1. A compressed gas engine, comprising: the device comprises a shell, an impeller shaft, a plurality of air inlet mechanisms and a plurality of baffles;

the impeller shaft is rotatably arranged in the shell, and a plurality of impellers are fixedly arranged on the circumferential surface of the impeller shaft;

the shell is provided with a plurality of air inlet groups and a plurality of air outlet groups, a plurality of air inlet mechanisms correspond to the air inlet groups one by one, and the air inlet mechanisms are communicated with the corresponding air inlet groups;

the air inlet group, the air outlet group and the baffle are arranged between every two adjacent impellers in the impellers, the air inlet groups, the air outlet groups and the baffles are in one-to-one correspondence, and the air inlet groups are arranged between the corresponding baffles and the air outlet groups;

the baffle is telescopically arranged between the shell and the impeller shaft, and the baffle can form an expansion chamber with the impeller, the shell and the impeller shaft.

2. The compressed gas engine of claim 1, wherein:

and a power shaft is fixedly arranged at the circle center of the impeller shaft.

3. The compressed gas engine of claim 1, wherein:

the impellers are uniformly arranged on the circumferential surface of the impeller shaft at equal angles and intervals.

4. The compressed gas engine of claim 1, wherein:

the air inlet group is composed of a plurality of air inlets, and the air inlets are obliquely arranged on the shell.

5. The compressed gas engine of claim 4, wherein:

the air inlets and the tangential direction of the circumferential surface of the shell are provided with the same inclination angle alpha, and the inclination angle alpha is smaller than 90 degrees.

6. The compressed gas engine of claim 1, wherein:

the exhaust port group is composed of a plurality of exhaust ports, and the exhaust ports are obliquely arranged on the shell.
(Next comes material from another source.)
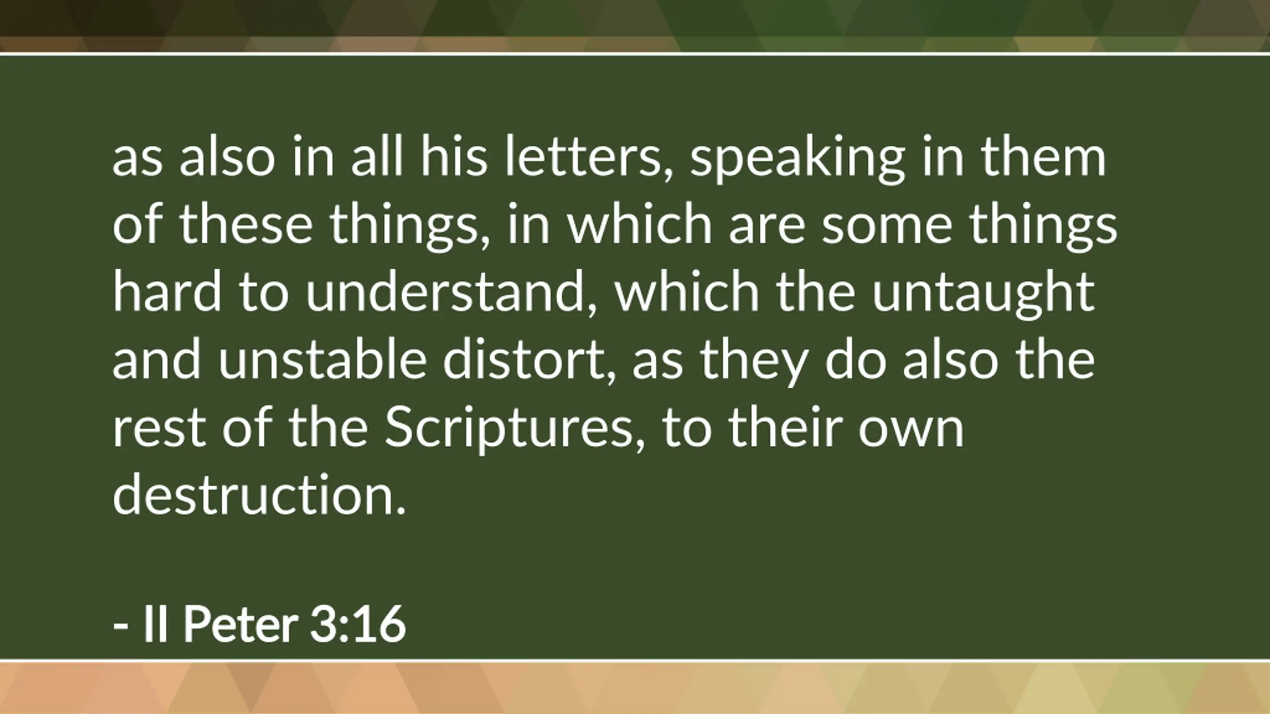 as also in all his letters, speaking in them of these things, in which are some things hard to understand, which the untaught and unstable distort, as they do also the rest of the Scriptures, to their own destruction. - - II Peter 3:16 II Peter 3:16

7. The compressed gas engine of claim 4, wherein:

the exhaust ports and the tangential direction of the circumferential surface of the shell are provided with the same inclination angle beta, and the inclination angle beta is smaller than 90 degrees.
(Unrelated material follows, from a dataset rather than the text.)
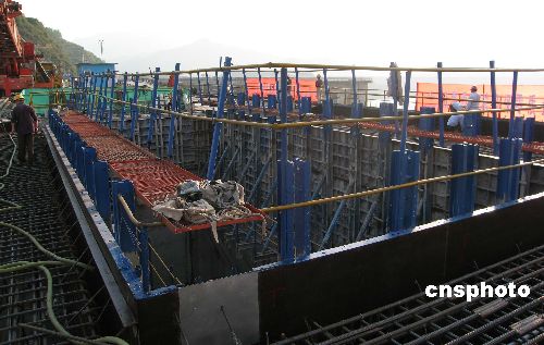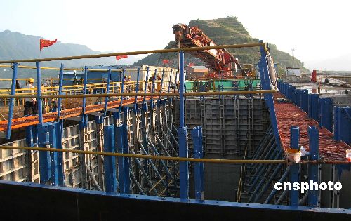 五月十八日晚,三峡大坝最后一仓混凝土将拉开浇筑序幕。目前还剩仓面面积三百七十七点四平方米,混凝土浇筑量一千零一十七点五立方米,预计二十日十时完成浇筑任务。此举表明,举世瞩目的三峡工程土建项目全面进入收尾阶段,雄伟的长江三峡大坝即将全线建成。图为等待验收合格后,准备浇筑的最后一仓。中新社发 艾启平 摄
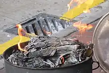 Cremation ashes, also called cremated remains or "cremains," are the bodily remains left from cremation.[7] They often take the form of a grey powder resembling coarse sand. While often referred to as ashes, the remains primarily consist of powdered bone fragments due to the cremation process, which eliminates the body's organic materials.[8][9] People often store these ashes in containers like urns, although they are also sometimes buried or scattered in specific locations.[10]

8. The compressed gas engine of claim 1, wherein the intake mechanism comprises: an air inlet pipe and an injection switch;

the air inlet pipe is communicated with the air inlet group;

the injection switch is arranged on the air inlet pipe.

9. The compressed gas engine of claim 1, further comprising: a telescoping member;

the stiff end of extensible member with the casing is connected, the action end of extensible member with the baffle is connected.

10. The compressed gas engine of claim 9, further comprising: a phase sensor and a controller;

the phase sensor is fixedly arranged on the shell;

the controller is connected with the phase sensor and the telescopic piece;

the controller receives the impeller position signal sent by the phase sensor and sends an action signal to the telescopic piece according to the impeller position signal.